### TASK TO CARRY OUT
This exercise calls for an exact copy of the listing, with no pictures kept.

(INFORMATION SUPPLIED Opens)

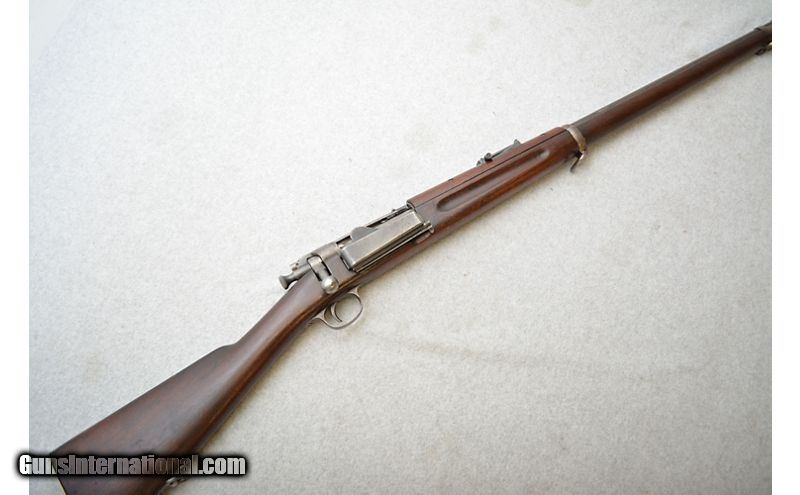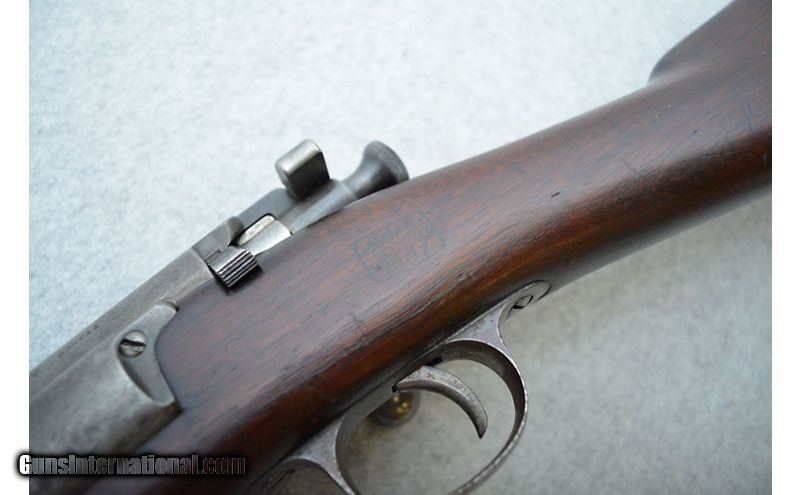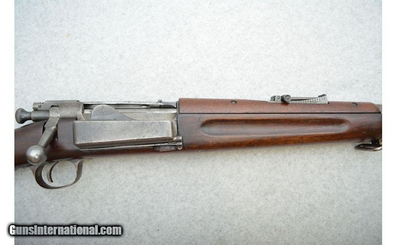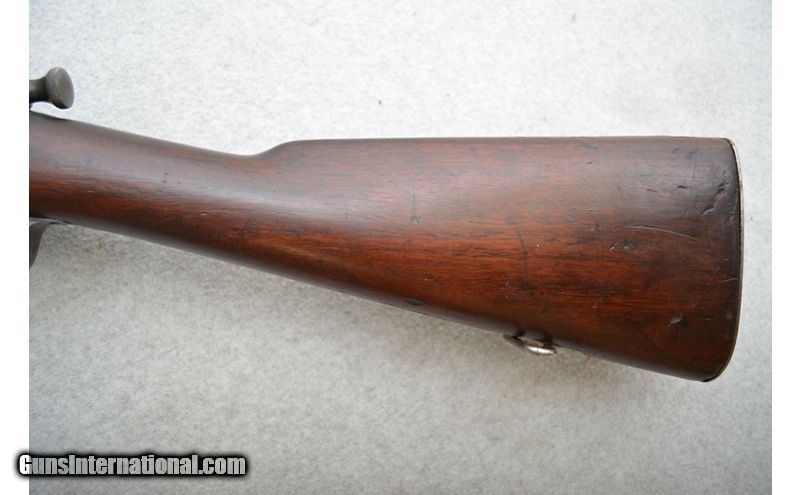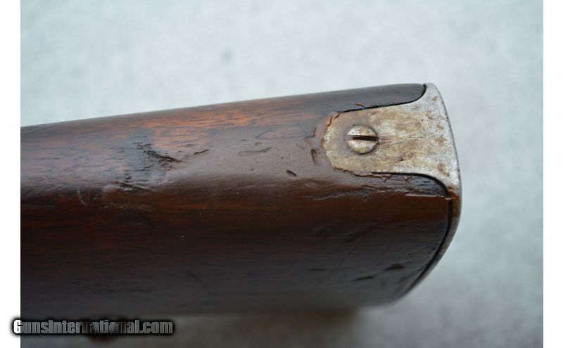 Description: Rifle is in good condition for its age. A large amount of the finish on the receiver is gone and the metal has some areas that feel a bit rough. Bluing on the barrel looks to have been replaced with a dark patina. Metal has a few rough spots but no apparent active rust. The stock has fared less well but is still in decent shape. The entirety of the furniture is adorned with nicks, scratches, and dents of all levels of severity. While there do not appear to be any cracks, the comb of the stock near the rear has a large patch or repair work (see pictures). Sources seem to indicate 1902 as the year of manufacture. The stock cartouche is a little hard to make out but seems to collaborate the date. .30-40 Krag SOLD Curio/Relic: Yes Chambers: Bolt action fed from a side loading internal magazine. Metal Condition: Fair to good. Wood Condition: Fair to good. Bore Condition: Good for its age. Bore is dark but the rifling still has decent definition. Barrels: 30" Blued. Triggers: Narrow metal with smooth surface. Stock Dimensions: Smooth hardwood with 13½" LOP. Fore End: Hardwood with finger grooves. Butt Pad: Metal plate with cleaning kit door. Weight: 9lbs Sights: Fixed front blade with elevation adjustable rear ladder. Chokes: N/A Item Location: Green Bay |
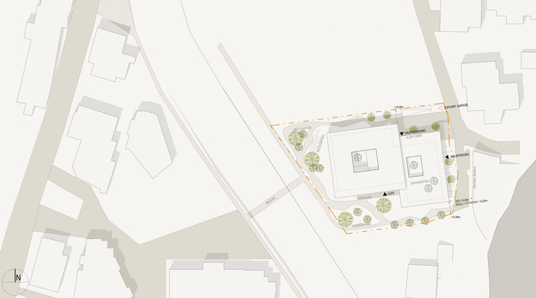 Der Baukörper ist in Hybridbauweise geplant, ressourcenschonenden Materialien wurde der Vorzug gegeben. Holzfassaden, Glasflächen und der gestaltete Garten ergeben eine warme und freundliche Atmosphäre, die auf die umgebende Natur und die bestehenden Gebäude reagiert und als Ort Identität schafft.
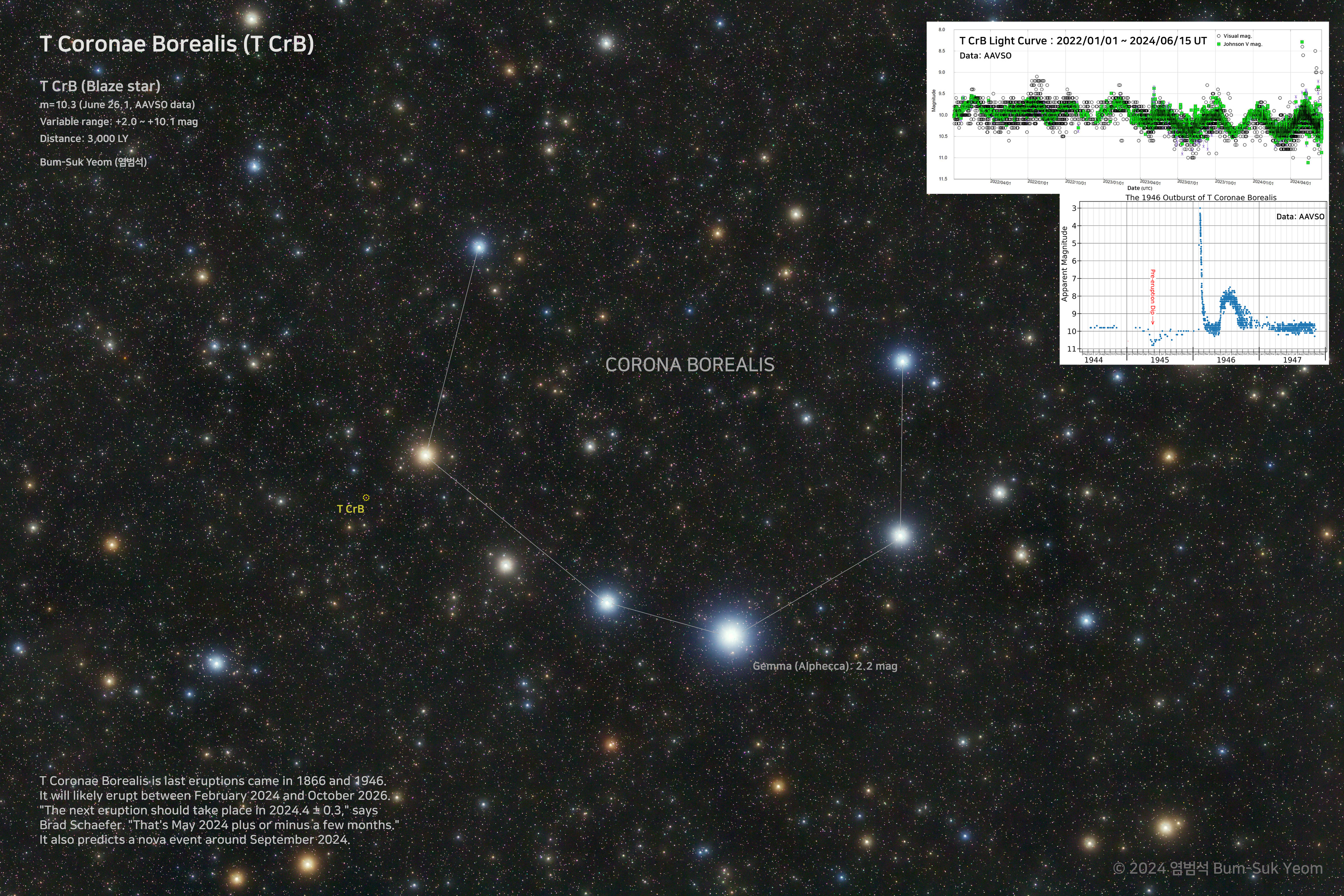 T Coronae Borealis (T CrB, Blaze star) is last eruptions came in 1866 and 1946. It will likely erupt between February 2024 and October 2026. "The next eruption should take place in 2024.4 ± 0.3," says Brad Schaefer. "That's May 2024 plus or minus a few months." It also predicts a nova event around September 2024.

(INFORMATION SUPPLIED Closes)

### REPLY
 Description: Rifle is in good condition for its age. A large amount of the finish on the receiver is gone and the metal has some areas that feel a bit rough. Bluing on the barrel looks to have been replaced with a dark patina. Metal has a few rough spots but no apparent active rust. The stock has fared less well but is still in decent shape. The entirety of the furniture is adorned with nicks, scratches, and dents of all levels of severity. While there do not appear to be any cracks, the comb of the stock near the rear has a large patch or repair work (see pictures). Sources seem to indicate 1902 as the year of manufacture. The stock cartouche is a little hard to make out but seems to collaborate the date. .30-40 Krag SOLD Curio/Relic: Yes Chambers: Bolt action fed from a side loading internal magazine. Metal Condition: Fair to good. Wood Condition: Fair to good. Bore Condition: Good for its age. Bore is dark but the rifling still has decent definition. Barrels: 30" Blued. Triggers: Narrow metal with smooth surface. Stock Dimensions: Smooth hardwood with 13½" LOP. Fore End: Hardwood with finger grooves. Butt Pad: Metal plate with cleaning kit door. Weight: 9lbs Sights: Fixed front blade with elevation adjustable rear ladder. Chokes: N/A Item Location: Green Bay |
 Der Baukörper ist in Hybridbauweise geplant, ressourcenschonenden Materialien wurde der Vorzug gegeben. Holzfassaden, Glasflächen und der gestaltete Garten ergeben eine warme und freundliche Atmosphäre, die auf die umgebende Natur und die bestehenden Gebäude reagiert und als Ort Identität schafft.
 T Coronae Borealis (T CrB, Blaze star) is last eruptions came in 1866 and 1946. It will likely erupt between February 2024 and October 2026. "The next eruption should take place in 2024.4 ± 0.3," says Brad Schaefer. "That's May 2024 plus or minus a few months." It also predicts a nova event around September 2024.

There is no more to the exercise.